Finiteness is a topic that influences and interacts with virtually every syntactic and interface property in linguistics. It deals directly with the core functional properties of a clause such as its tense, aspect and mood and with the way in which these are anchored to the outside world (anaphorically, deictically or somewhere in-between). In addition, finiteness also affects, directly or in more mediated fashion, nominal reference within a clause particularly as it pertains to the syntactic subject. Thus, issues such as the morpho-phonological (c)overtness of a subject, its case/Case and degree of syntactic-semantic anaphoricity could be seen as a function of the finiteness of the clause as a whole. South Asian languages offer fertile ground for investigation in the realm of finiteness because, as is becoming increasingly well-known, they exhibit properties that challenge much conventional wisdom on the subject. Complex predication in Bangla (Ramchand 2008 and prior), long-distance agreement (Bhatt 2005) and correlative constructions (Dayal 1991) in Hindi/Urdu, topic, focus and scrambling (Mahajan 1999, Kidwai 2000) and diachronic aspect shifts (Condoravdi and Deo 2008) in Indo-Aryan, nominative anaphors in Dravidian (Amritavalli 1984, Woolford 1999, Lidz 2004), Dravidian hybrid nominalizations with both tense and Case marking (Amritavalli and Jayaseelan 2005), serial verb constuctions in Malayalam (Jayaseelan 2004), and overt nominative, nonfinite subjects in Sinhala (Gair 2005) and Dravidian (K.P. Mohanan 1982) are only some of the challenging phenomena discussed previously. Yet, this only scratches the surface -- many languages of the Indo-Aryan, Dravidian and other families in South Asia remain under-researched and under-publicized to this day. It is the goal of this conference to bridge this gap in empirical and theoretical coverage of these phenomena.

Invited Speakers:

Rajesh Bhatt, Veneeta Dayal, Ashwini Deo, K.A. Jayaseelan and Gillian Ramchand. 

Call for Papers:

We invite abstracts for 40 minute slots on topics pertaining to finiteness, broadly construed as described in the main page, as manifested in languages spoken in South Asia and its diaspora. What kinds of quirky data do South Asian languages present which challenge current definitions and categorizations of finiteness? Can these new data help decide between competing theories (e.g. on the connection between subject distribution and clausal finiteness)? What can these languages tell us about the interactions between different facets of finiteness: tense, aspect, mood, agreement, negation, case/Case, and nominal reference? These are some of the questions we are interested in investigating.

We also plan to publish a volume of selected papers from the conference - this
is projected to appear as a special issue in Natural Language and Linguistic Theory.

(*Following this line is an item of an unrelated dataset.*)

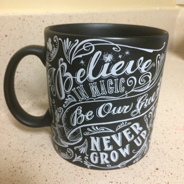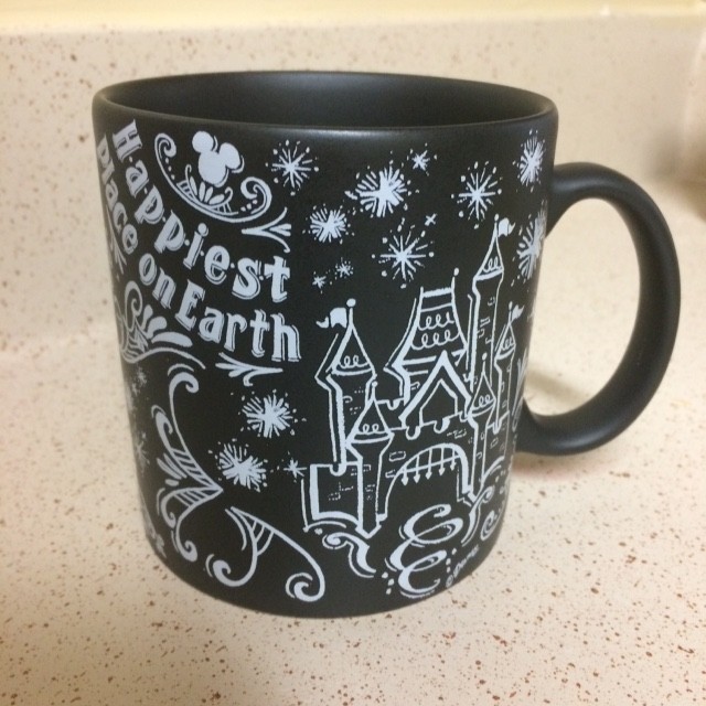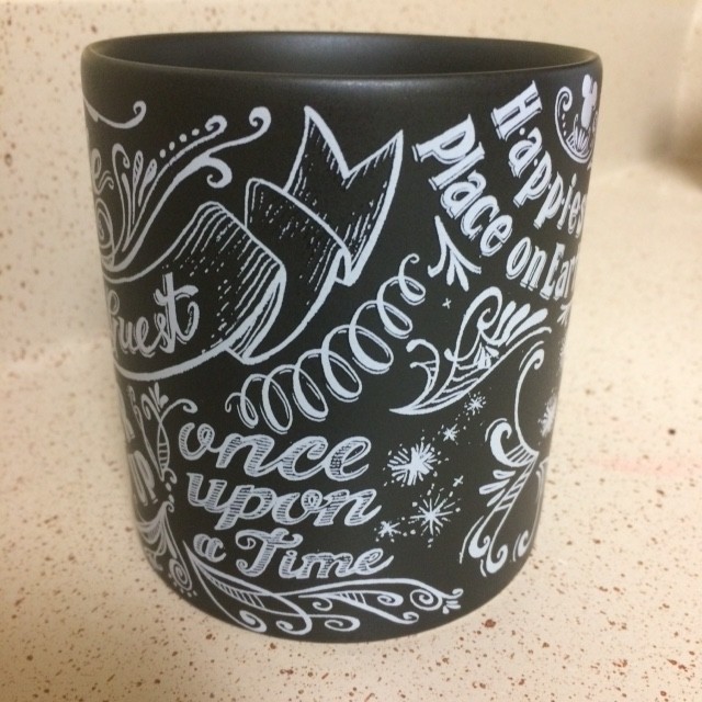 I have been eyeing this mug since last year. It appeared on DisneyStore.com and sold out quickly. I am loving the chalkboard look. The mug was found at the Marketplace Co-Op at Downtown Disney (Walt Disney World). It retails for $14.95.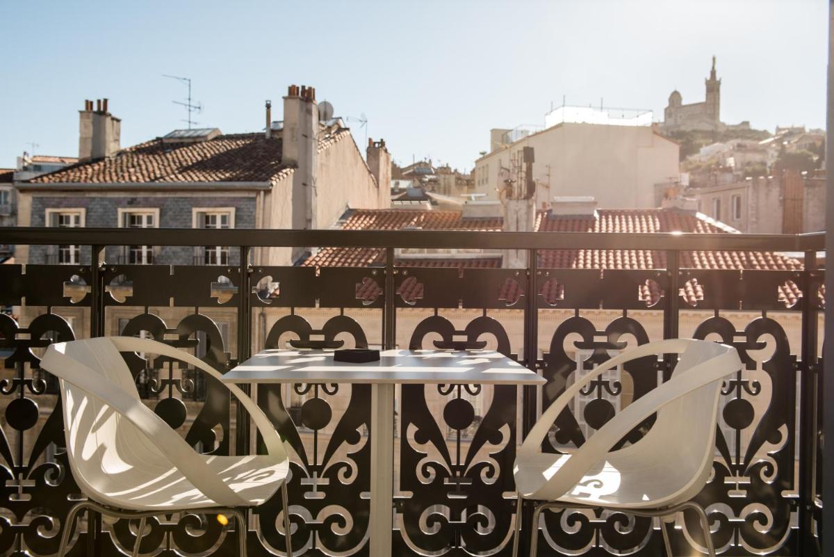 Dieses exklusive Doppelzimmer befindet sich auf der 4. Etage und verfügt über eine Terrasse mit Blick auf Notre-Dame de la Garde. Das eigene Bad ist zum Schlafzimmer hin halb offen und verfügt über eine Dusche, ein Dampfbad und einen Flachbild-TV mit Blick auf das Bad.

Format and Submission guidelines:

Submit your abstracts here: http://linguistlist.org/confcustom/fisal2011

Abstracts should be no more than 2 pages long (a4 or US letter-sized), in 11 pt. font, with 1-inch/2.5-cm margins. This includes all data (which can be interspersed throughout the text), and references. All abstracts should be submitted as PDF files.

Submissions should be anonymous and not reveal the identity of the author(s) in any form (e.g., references, file name of the abstract). Submissions are limited to one single-authored abstract and one joint-authored abstract per person.